Some college students take courses during the summer to get ahead on their studies. If you're not going that route, your best bet is to find yourself a job and earn some money.
Many college students who work during the summer will inevitably blow their earnings on frivolous things like vacations, clothing, and gadgets. But you have a real opportunity to put that money to good use. Here are a few smart things to do with your cash.
1. Pay for your upcoming semester
Paying for upcoming expenses is a smart thing to do with your summer earnings.
For example, if you earn $3,000 over the summer, you can use that cash to pay your tuition bills in the fall or spring. You can also use your earnings to pay for expenses like books, travel to and from school, and food -- things you might otherwise have no choice but to charge on a credit card.
2. Build an emergency fund
College students need savings, too.
Is your car your transportation to and from class?
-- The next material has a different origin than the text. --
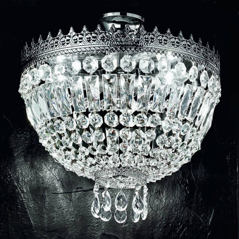 Nádherné stropné svietidlo Cupola s kryštálmi Nad stropným svietidlom je akási koruna. Tá ozdobne rámuje hornú časť svetla. Kov svetla má vzhľad niklu. Veľké množstvo sklenených kryštálov je navzájom prepojených do tvaru misky. Zložité zavesenie skla pôsobí oslnivo a efektne vďaka odrazom svetla. Lomené hry svetla sa v exkluzívnom svetle svietidla odrážajú na stenách a stropoch.

Imagine that it breaks down and requires an expensive repair. Without money in the bank, you may be forced to charge unplanned bills on a credit card and rack up costly interest. A better bet is to build an emergency fund. You can use your summertime earnings to do just that.
How much money should you have on hand for emergencies? Most adults are advised to sock away a minimum of three months' worth of living expenses.
As a college student, your monthly expenses are more variable. If you live at home during school breaks, for example, you won't have the same expenses you do when you're dorming. In that case, aim to have a few thousand dollars tucked away in the bank. This is especially crucial if you're already financially independent and your parents aren't picking up the tab for your living costs.
It's tempting to spend your summer job earnings on something indulgent. But you might quickly regret it.
That said, there's nothing wrong with using a portion of your earnings for something fun while saving most it for more responsible purposes. After all, you deserve at least a small reward for plugging away at a job all summer when you could've been bumming around having fun.